A equipa é composta por Eduardo Bañados (Max-Planck-Institut für Astronomie [MPIA], Alemanha, e The Observatories of the Carnegie Institution for Science, EUA), Chiara Mazzucchelli (Observatório Europeu do Sul, Chile), Emmanuel Momjian (National Radio Astronomy Observatory [NRAO], EUA), Anna-Christina Eilers (MIT Kavli Institute for Astrophysics and Space Research, EUA), Feige Wang (Steward Observatory, University of Arizona, EUA), Jan-Torge Schindler (MPIA), Thomas Connor (Jet Propulsion Laboratory [JPL], California Institute of Technology, EUA), Irham Taufik Andika (MPIA e Escola Internacional de Investigação Max Planck de Astronomia & Física Cósmica, Universidade de Heidelberg, Alemanha), Aaron J. Barth (Department of Physics and Astronomy, University of California, Irvine, EUA), Chris Carilli (NRAO e Astrophysics Group, Cavendish Laboratory, University of Cambridge, RU), Frederick Davies (MPIA), Roberto Decarli (INAF Bologna — Osservatorio di Astrofisica e Scienza dello Spazio, Itália), Xiaohui Fan (Steward Observatory, University of Arizona, EUA), Emanuele Paolo Farina (Max-Planck-Institut für Astrophysik, Alemanha), Joseph F. Hennawi (Department of Physics, Broida Hall, University of California, Santa Barbara, EUA), Antonio Pensabene (Dipartimento di Fisica e Astronomia, Alma Mater Studiorum, Universita di Bologna e INAF Bologna, Itália), Daniel Stern (JPL), Bram P. Venemans (MPIA), Lukas Wenzl (Department of Astronomy, Cornell University, EUA e MPIA) e Jinyi Yang (Steward Observatory, University of Arizona, EUA).

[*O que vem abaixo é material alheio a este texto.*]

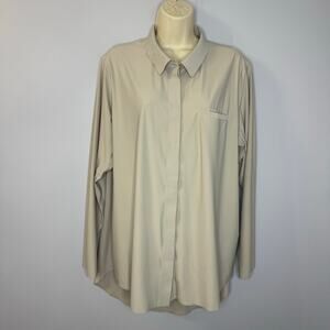 ATHLETA Urbanite Top Blouse Shirt Stretch Beige Commute Work Travel Sz XL
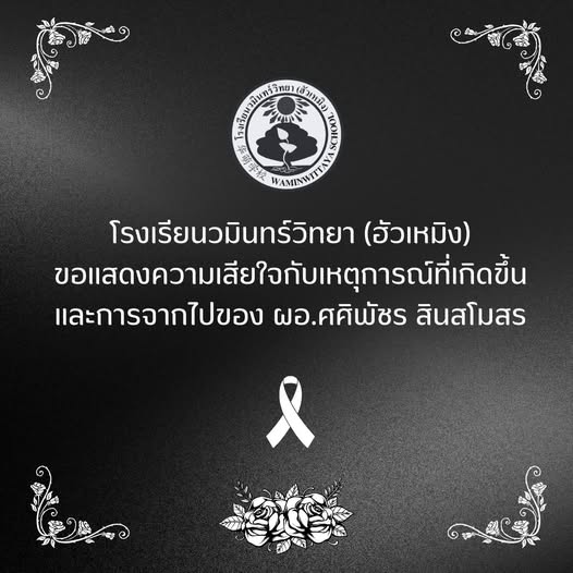 โรงเรียนวมินทร์วิทยา (ฮัวเหมิง) ขอแสดงความเสียใจกับเหตุการณ์ที่เกิดขึ้น และการจากไปของ ผอ.ศศิพัชร สินสโมสร
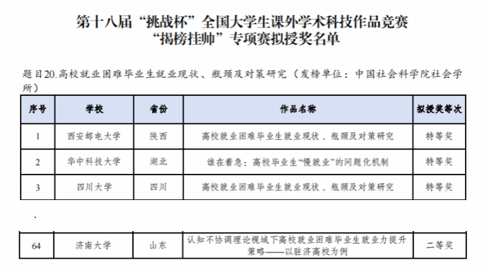 自挑战杯“揭榜挂帅”专项赛启动以来,在校团委的指导下,学院高度重视,从项目选题、实地调研、报告撰写等方面积极准备,组织专家评议。该揭榜题目为“高校就业困难毕业生就业现状、瓶颈及对策研究”由中国社会科学院社会学所发榜。参赛作品通过认知不协调理论分析高校就业困难毕业生的就业现状、瓶颈及对策研究。团队成员在驻济高校深入调研,广泛收集数据,通过对毕业生就业问题的深度分析,提出了一系列有针对性的解决方案。
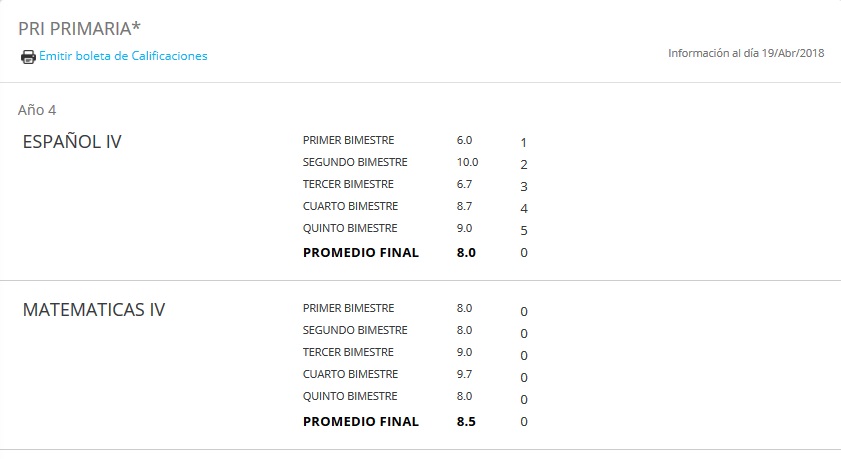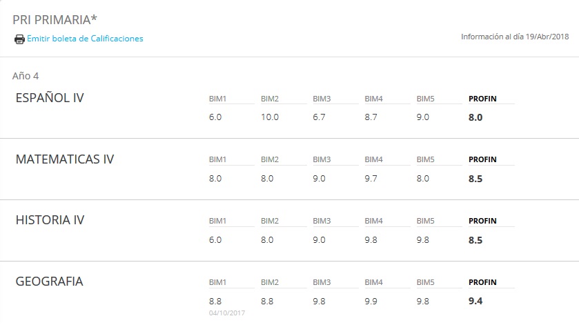 La forma vertical mostrará las calificaciones como en la siguiente imagen se muestra:
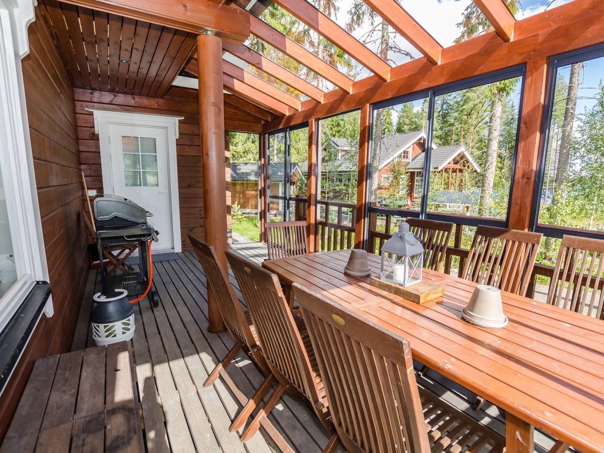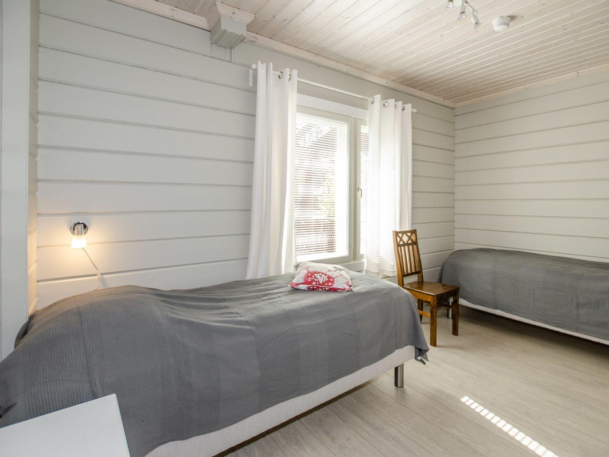 Log cabin 2020, living room/kitchen, bedroom with double bed, bedroom with 2 beds. On the upper floor bedroom with double bed and another bedroom with 2 beds and loft. Combined dressing and utility room, washroom, electric sauna, open veranda and terrace.

O ESO é a mais importante organização europeia intergovernamental para a investigação em astronomia e é de longe o observatório astronómico mais produtivo do mundo. O ESO tem 16 Estados Membros: Alemanha, Áustria, Bélgica, Dinamarca, Espanha, Finlândia, França, Holanda, Irlanda, Itália, Polónia, Portugal, Reino Unido, República Checa, Suécia e Suíça, para além do país de acolhimento, o Chile, e a Austrália, um parceiro estratégico. O ESO destaca-se por levar a cabo um programa de trabalhos ambicioso, focado na concepção, construção e operação de observatórios astronómicos terrestres de ponta, que possibilitam aos astrónomos importantes descobertas científicas. O ESO também tem um papel importante na promoção e organização de cooperação na investigação astronómica. O ESO mantém em funcionamento três observatórios de ponta no Chile: La Silla, Paranal e Chajnantor. No Paranal, o ESO opera o Very Large Telescope e o Interferómetro do Very Large Telescope, o observatório astronómico óptico mais avançado do mundo, para além de dois telescópios de rastreio: o VISTA, que trabalha no infravermelho, e o VLT Survey Telescope, concebido exclusivamente para mapear os céus no visível. O ESO é também um parceiro principal em duas infra-estruturas situadas no Chajnantor, o APEX e o ALMA, o maior projecto astronómico que existe actualmente. E no Cerro Armazones, próximo do Paranal, o ESO está a construir o Extremely Large Telescope (ELT) de 39 metros, que será “o maior olho do mundo virado para o céu”.